--- The data ---
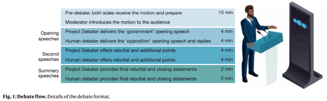 在 1v1 辩论中,该系统进行一个 4 分钟的演讲,人类对手对此作出回应。然后,「Project Debater」对对手的观点做出回应,发表第二个 4 分钟辩论,对手用 4 分钟的时间进行反驳。最后,双方都做了 2 分钟的最终陈述。
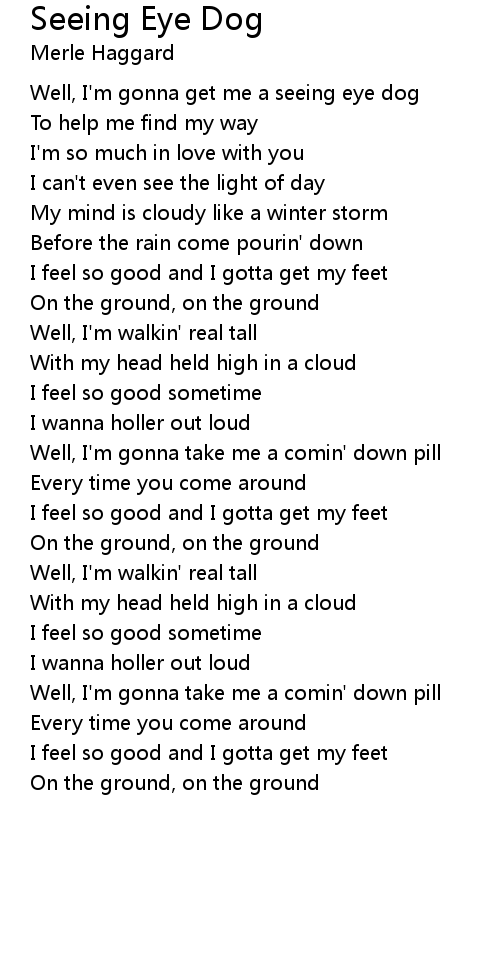 Well, I'm gonna get me a seeing eye dog |
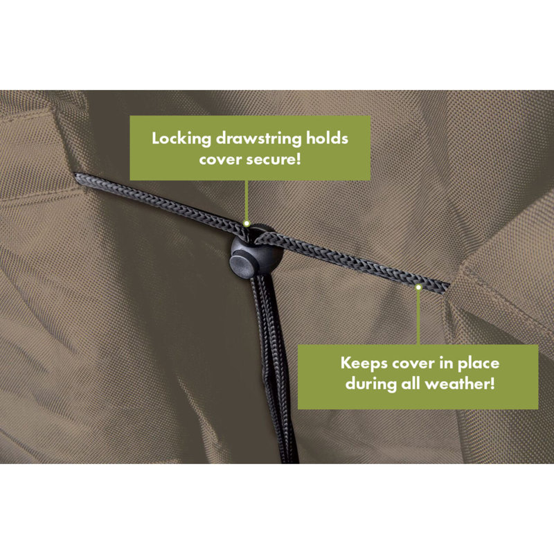 Great cover, not as thick as I thought it was going to be, however, it has great latches and drawstring. Feel very confident that it won’t blow off. Would recommend!
---
Activity.
An exact copy of all the data above is required; omit any pictures.

Result for this task.
 在 1v1 辩论中,该系统进行一个 4 分钟的演讲,人类对手对此作出回应。然后,「Project Debater」对对手的观点做出回应,发表第二个 4 分钟辩论,对手用 4 分钟的时间进行反驳。最后,双方都做了 2 分钟的最终陈述。
 Well, I'm gonna get me a seeing eye dog |
 Great cover, not as thick as I thought it was going to be, however, it has great latches and drawstring. Feel very confident that it won’t blow off. Would recommend!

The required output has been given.